* What is required
Print nothing except the lines of the listing below from the line with "Soso Women's African" to the line with "日照 | 積雪 | 降雪 |", each exactly as written, both ends included.

──────── Dataset extract

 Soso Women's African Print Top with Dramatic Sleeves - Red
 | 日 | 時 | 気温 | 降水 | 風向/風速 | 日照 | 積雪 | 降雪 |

────────────────
──────── Dataset extract

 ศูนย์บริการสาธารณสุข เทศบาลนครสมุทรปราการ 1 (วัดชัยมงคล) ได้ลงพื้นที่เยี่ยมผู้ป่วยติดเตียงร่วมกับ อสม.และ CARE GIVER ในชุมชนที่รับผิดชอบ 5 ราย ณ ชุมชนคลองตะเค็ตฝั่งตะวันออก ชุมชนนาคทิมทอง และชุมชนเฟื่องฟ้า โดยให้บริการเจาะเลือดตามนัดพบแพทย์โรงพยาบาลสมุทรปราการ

────────────────
──────── Dataset extract

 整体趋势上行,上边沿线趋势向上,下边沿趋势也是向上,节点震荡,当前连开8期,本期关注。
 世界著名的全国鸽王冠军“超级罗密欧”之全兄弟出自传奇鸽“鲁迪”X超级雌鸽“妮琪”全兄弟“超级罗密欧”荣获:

────────────────

* Answer for this exercise
 Soso Women's African Print Top with Dramatic Sleeves - Red
 | 日 | 時 | 気温 | 降水 | 風向/風速 | 日照 | 積雪 | 降雪 |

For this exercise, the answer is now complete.